#### ASSIGNMENT:
Reproduce, exactly and only, the lines of the data that follows from the one containing "Stroll through a" down to the one containing "Arrivati a Norimberga, nel", without pictures.

#### INPUT FOR THIS TASK:

--- START ---

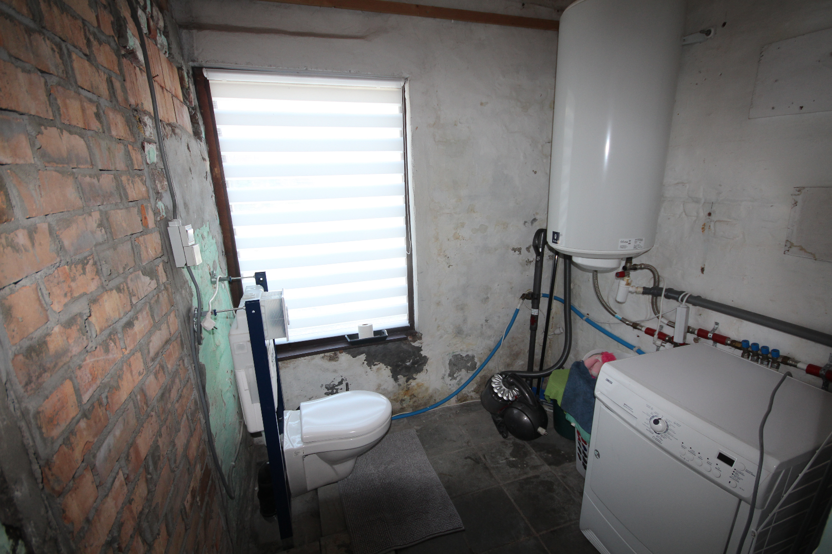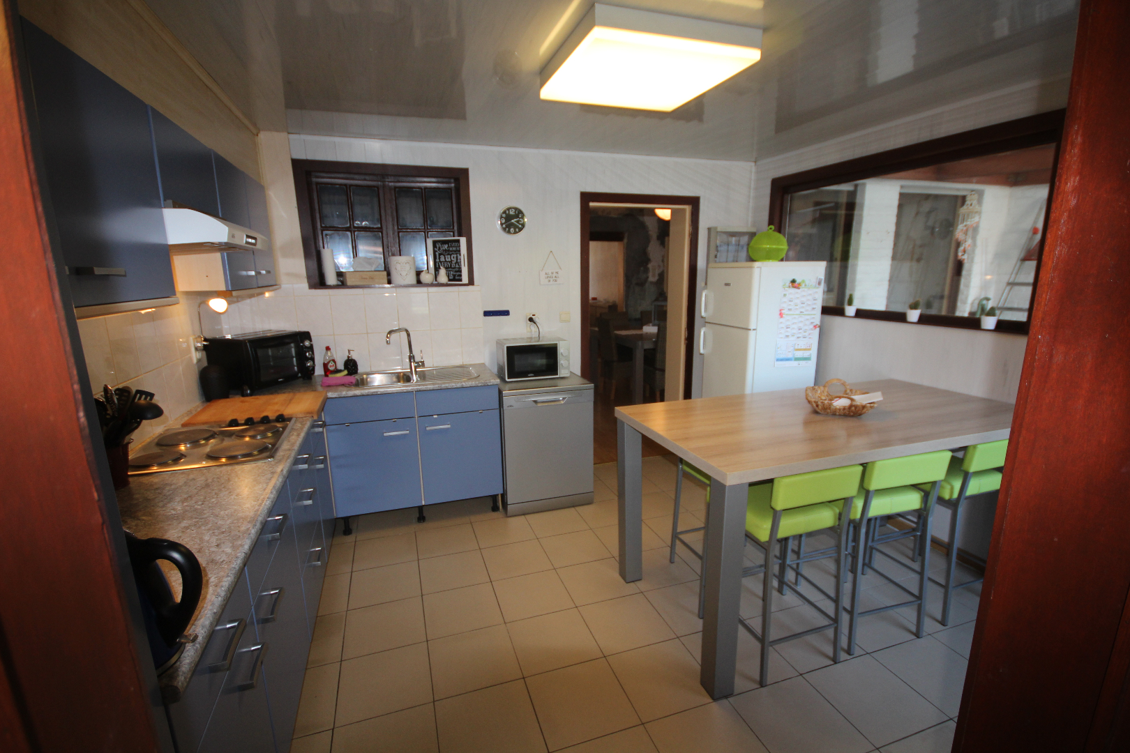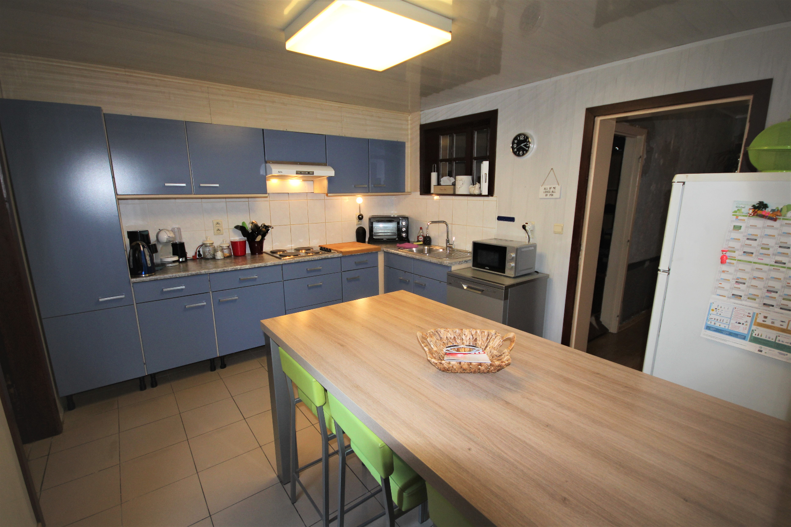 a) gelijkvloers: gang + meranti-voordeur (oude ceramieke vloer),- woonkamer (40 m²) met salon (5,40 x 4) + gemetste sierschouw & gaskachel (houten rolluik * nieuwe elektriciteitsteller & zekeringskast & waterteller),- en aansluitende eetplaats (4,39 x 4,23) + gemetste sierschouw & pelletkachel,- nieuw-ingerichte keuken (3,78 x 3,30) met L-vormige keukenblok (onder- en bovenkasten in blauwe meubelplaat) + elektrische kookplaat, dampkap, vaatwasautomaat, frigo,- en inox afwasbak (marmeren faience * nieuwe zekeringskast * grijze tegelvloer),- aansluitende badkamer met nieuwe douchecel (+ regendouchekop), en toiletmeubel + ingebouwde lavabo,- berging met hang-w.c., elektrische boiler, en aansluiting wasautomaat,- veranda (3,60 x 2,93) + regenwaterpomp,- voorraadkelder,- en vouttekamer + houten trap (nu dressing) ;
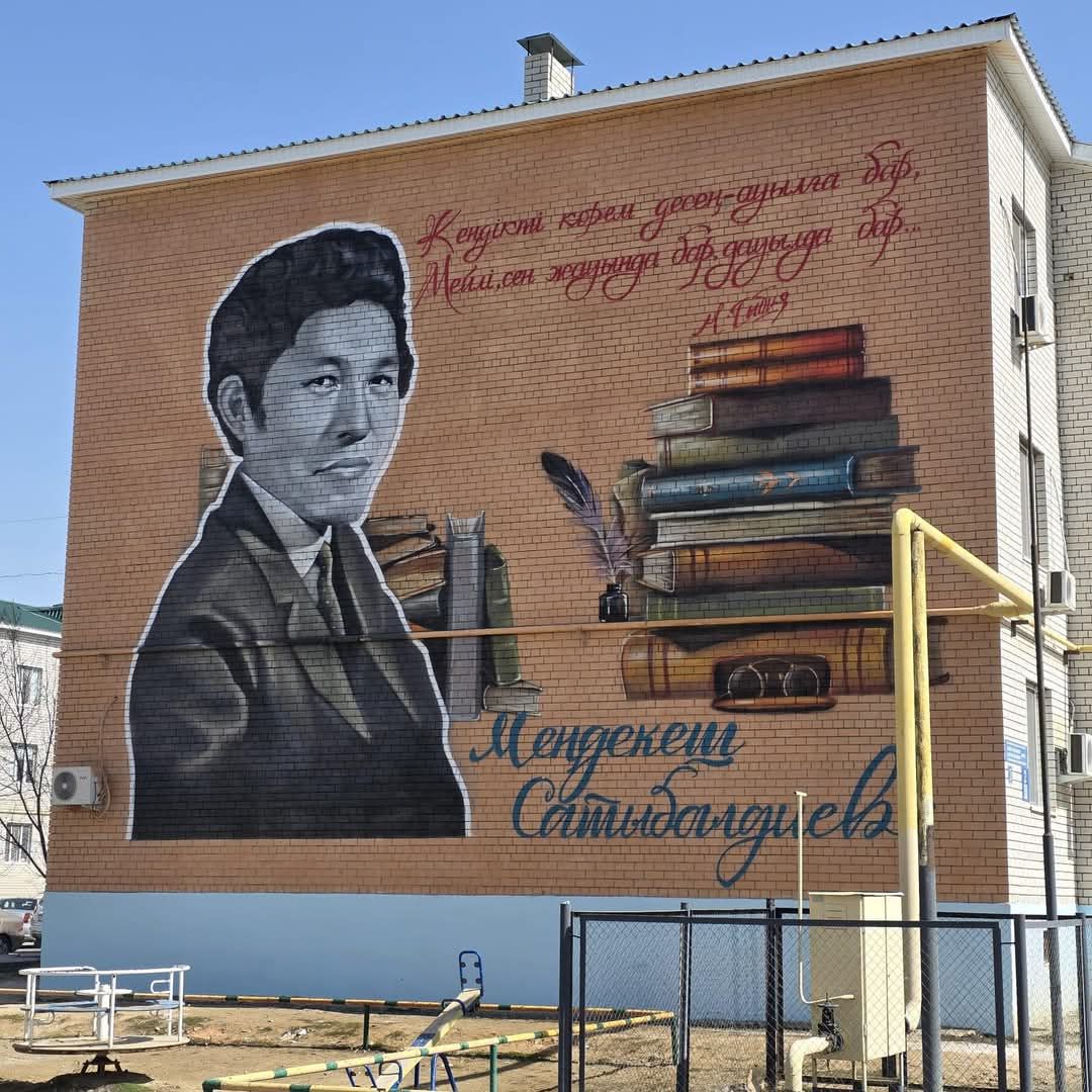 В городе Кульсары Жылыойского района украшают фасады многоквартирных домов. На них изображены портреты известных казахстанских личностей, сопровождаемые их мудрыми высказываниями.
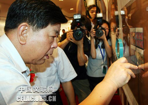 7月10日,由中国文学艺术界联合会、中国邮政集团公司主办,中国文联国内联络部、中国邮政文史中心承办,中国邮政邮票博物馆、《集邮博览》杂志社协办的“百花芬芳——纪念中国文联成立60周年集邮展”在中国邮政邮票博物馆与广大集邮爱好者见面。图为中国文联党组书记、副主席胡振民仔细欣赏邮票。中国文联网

--- END ---
--- START ---

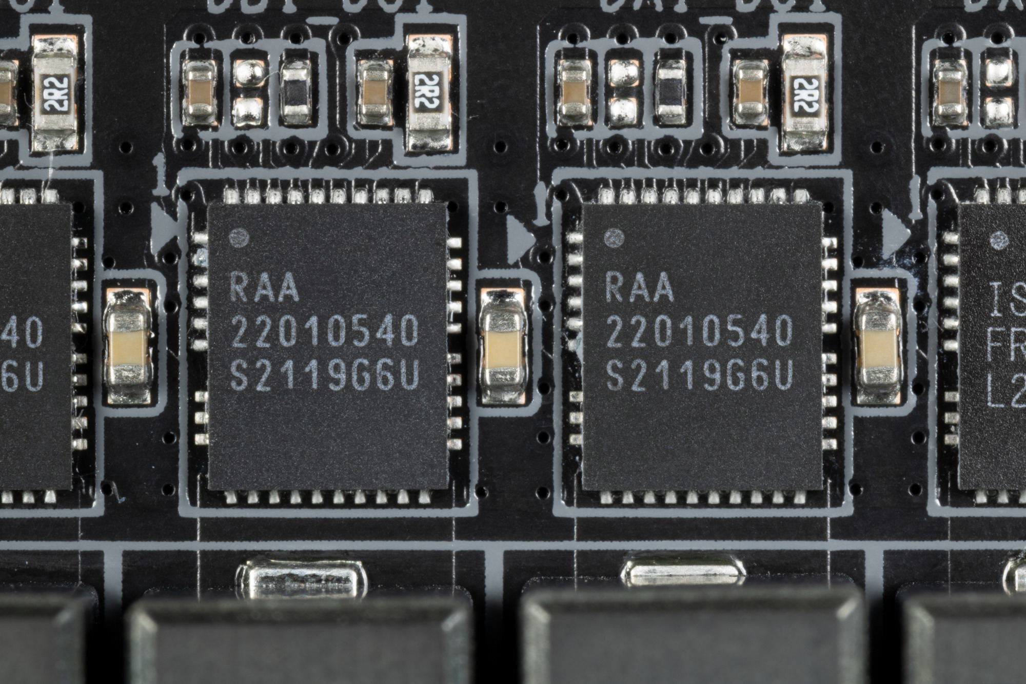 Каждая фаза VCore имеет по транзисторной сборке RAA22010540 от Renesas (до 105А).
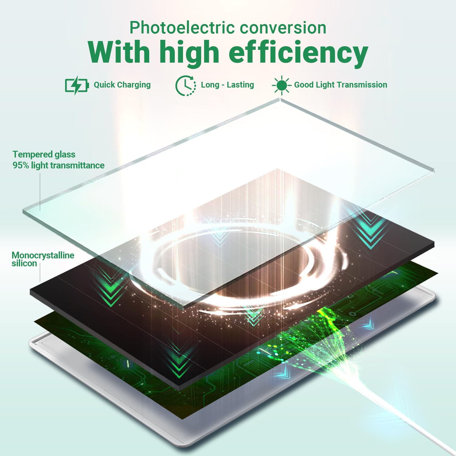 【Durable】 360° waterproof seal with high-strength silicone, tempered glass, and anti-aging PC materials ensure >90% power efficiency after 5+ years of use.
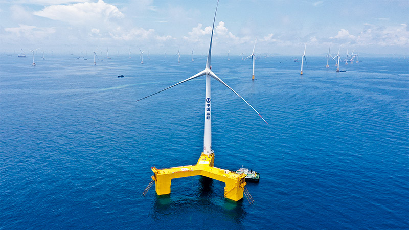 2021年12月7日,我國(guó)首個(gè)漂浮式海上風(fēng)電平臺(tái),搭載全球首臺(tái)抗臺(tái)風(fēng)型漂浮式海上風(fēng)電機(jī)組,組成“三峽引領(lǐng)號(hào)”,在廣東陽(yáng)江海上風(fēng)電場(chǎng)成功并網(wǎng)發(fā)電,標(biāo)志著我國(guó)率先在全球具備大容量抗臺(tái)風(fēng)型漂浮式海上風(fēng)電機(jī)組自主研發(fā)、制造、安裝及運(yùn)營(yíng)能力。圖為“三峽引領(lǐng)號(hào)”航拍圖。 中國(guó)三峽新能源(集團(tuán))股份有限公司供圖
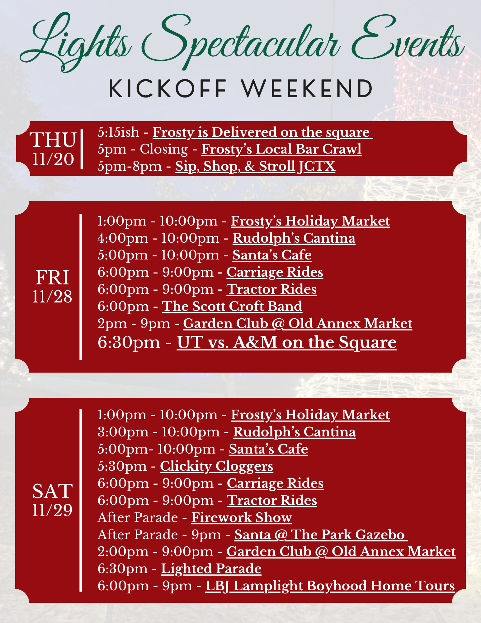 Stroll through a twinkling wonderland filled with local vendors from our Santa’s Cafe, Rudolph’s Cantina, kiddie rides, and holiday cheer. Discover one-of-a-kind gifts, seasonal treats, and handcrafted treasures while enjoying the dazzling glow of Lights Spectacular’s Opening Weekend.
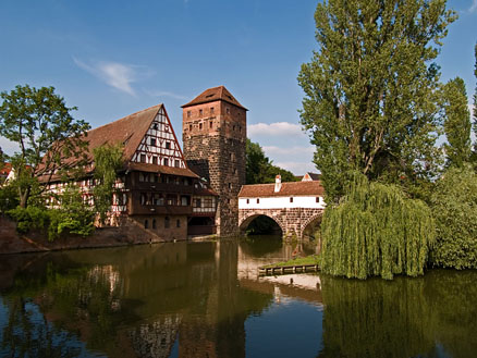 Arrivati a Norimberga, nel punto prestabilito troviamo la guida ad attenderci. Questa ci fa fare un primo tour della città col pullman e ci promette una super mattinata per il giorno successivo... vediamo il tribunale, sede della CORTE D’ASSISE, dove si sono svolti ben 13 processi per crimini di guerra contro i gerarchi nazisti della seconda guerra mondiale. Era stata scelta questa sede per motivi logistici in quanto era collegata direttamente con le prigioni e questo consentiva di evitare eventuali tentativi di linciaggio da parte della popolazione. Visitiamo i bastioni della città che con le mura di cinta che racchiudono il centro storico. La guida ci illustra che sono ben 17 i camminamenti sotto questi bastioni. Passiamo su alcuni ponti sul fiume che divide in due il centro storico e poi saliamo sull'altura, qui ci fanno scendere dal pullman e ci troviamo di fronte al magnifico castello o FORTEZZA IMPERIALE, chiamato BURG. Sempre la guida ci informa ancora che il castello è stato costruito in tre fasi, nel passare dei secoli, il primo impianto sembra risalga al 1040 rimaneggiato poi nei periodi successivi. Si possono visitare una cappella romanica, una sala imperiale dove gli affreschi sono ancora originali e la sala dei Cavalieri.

--- END ---

#### YOUR RESPONSE:
 Stroll through a twinkling wonderland filled with local vendors from our Santa’s Cafe, Rudolph’s Cantina, kiddie rides, and holiday cheer. Discover one-of-a-kind gifts, seasonal treats, and handcrafted treasures while enjoying the dazzling glow of Lights Spectacular’s Opening Weekend.
 Arrivati a Norimberga, nel punto prestabilito troviamo la guida ad attenderci. Questa ci fa fare un primo tour della città col pullman e ci promette una super mattinata per il giorno successivo... vediamo il tribunale, sede della CORTE D’ASSISE, dove si sono svolti ben 13 processi per crimini di guerra contro i gerarchi nazisti della seconda guerra mondiale. Era stata scelta questa sede per motivi logistici in quanto era collegata direttamente con le prigioni e questo consentiva di evitare eventuali tentativi di linciaggio da parte della popolazione. Visitiamo i bastioni della città che con le mura di cinta che racchiudono il centro storico. La guida ci illustra che sono ben 17 i camminamenti sotto questi bastioni. Passiamo su alcuni ponti sul fiume che divide in due il centro storico e poi saliamo sull'altura, qui ci fanno scendere dal pullman e ci troviamo di fronte al magnifico castello o FORTEZZA IMPERIALE, chiamato BURG. Sempre la guida ci informa ancora che il castello è stato costruito in tre fasi, nel passare dei secoli, il primo impianto sembra risalga al 1040 rimaneggiato poi nei periodi successivi. Si possono visitare una cappella romanica, una sala imperiale dove gli affreschi sono ancora originali e la sala dei Cavalieri.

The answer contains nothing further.